James Oberg has just sent me a news item that would probably escape your attention, but has me personally enraged. It involves an American hero, someone with whom I strongly disagree because of – in my view – his outrageous statements concerning alien landings – we’re talking Mars and/or intergalactic here – and paranormal claims. I refer to 80-year-old Edgar Mitchell, one of the brave astronauts who chose to venture into outer space to add to our knowledge of that part of our surroundings. He was the sixth man to have walked on our Moon, in 1971. He retired from NASA a year later.

I have unlimited respect for all of these pioneers, some of whom gave their lives while volunteering to educate us. The recent news item says that our federal government has decided to sue Dr. Mitchell. Why? Because he offered to sell – by auction – a souvenir that he chose to salvage from his lunar adventure, a camera that would otherwise have been simply left behind on the Moon! Bonhams auction house, a UK-based agency, has now pulled the camera from a planned May 5 sale, where they estimated that it could fetch as much as $80,000.

Our government, alarmed at this discovery, claims that Mitchell was trying to sell property that wasn't his. Their indignant lawyers, in the action against the astronaut, smugly stated:

Defendant Edgar Mitchell is a former NASA employee who is exercising improper dominion and control over a NASA Data Acquisition Camera.

Come on, folks, this is just one piece of what NASA deems “space junk,” a throwaway, a tiny, tiny fraction of the tons of material that was shot into space or simply left behind on the Moon, probably never to be seen again.  Where does the government get the strange notion that this item, which they insist comes under their “dominion and control,” calls for special treatment?

To show you just how unreasonable this action is, consider an additional fact: astronaut Alan Bean reports that the astronauts – heroes, remember! – were ordered to return to NASA anything they got in connection with their official duties. He recalls that he was forced to return a dagger and his wife to hand over a bracelet that they received as gifts in Morocco when he and other astronauts took part in a worldwide goodwill tour. Other astronauts have – literally – dozens of objects they salvaged from their adventures, and as a taxpayer, I’m quite willing to allow them to keep such items and dispose of them in any way they wish. I feel that my readers will agree with me on this point, but the U.S. government can’t wait to get back any and all of these mementos – and destroy them.

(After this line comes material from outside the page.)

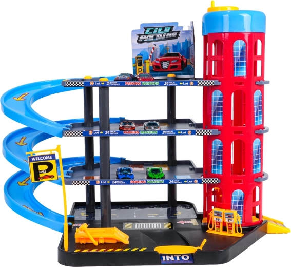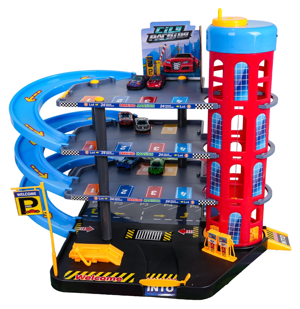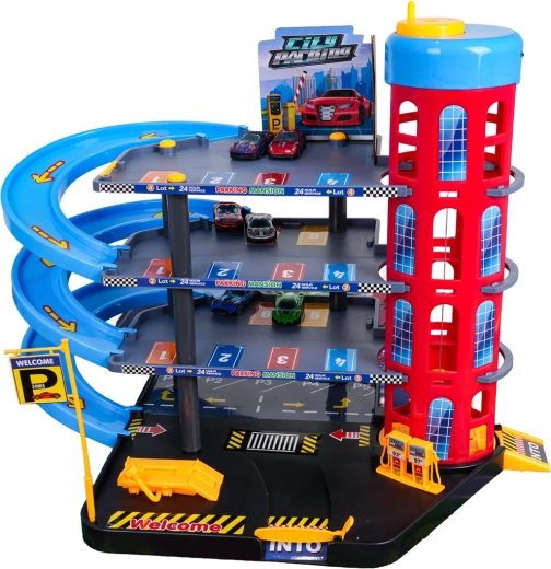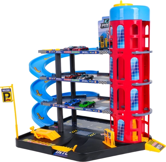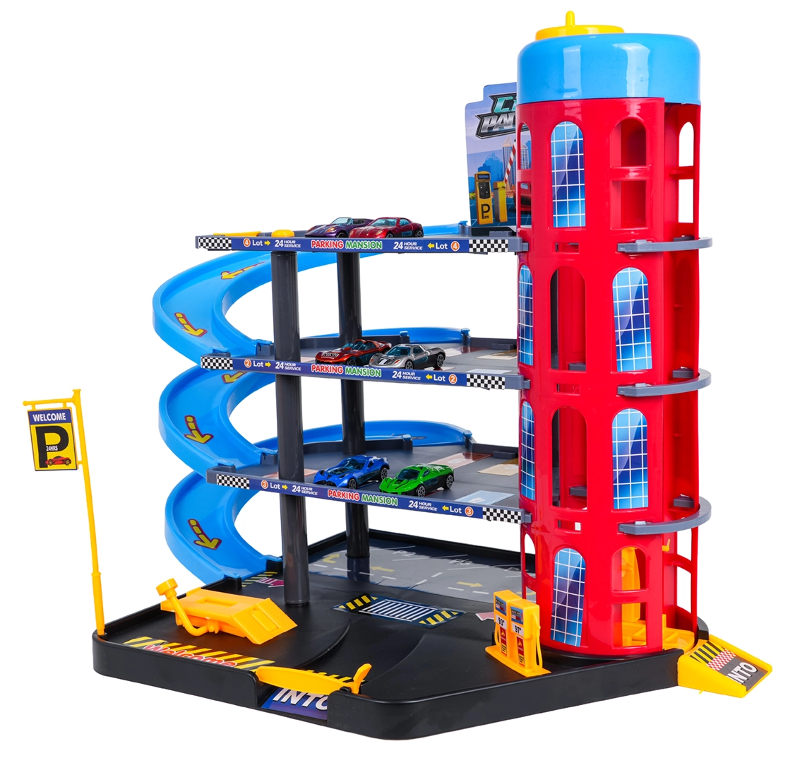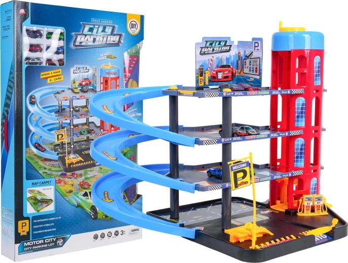 Toto barevné vícepatrové parkoviště kombinuje realistické prvky města s dynamickou jízdou. Děti mohou autíčka vyvážet ručně ovládaným výtahem, parkovat na jednotlivých patrech a spouštět je po spirálových rampách. Integrovaná čerpací stanice, servisní zvedák a závorový vjezd podporují imaginativní hru.

Astronauts Bean and Pete Conrad took two cameras to the Moon in 1969 which stayed there. For consistency, I suggest that NASA should send another flotilla of missions to Luna to gather up all the space junk and return it to Earth – where it can be officially and safely destroyed.

Edgar Mitchell shouldn't be faulted. I’m offended by this lawsuit, and I believe that somewhere in the legal system there will be lawyers who could and just might wish to take up this matter and defend him in court. How embarrassing that the rest of the world sees us as such a fussy bureaucracy with no sense of compassion or common sense.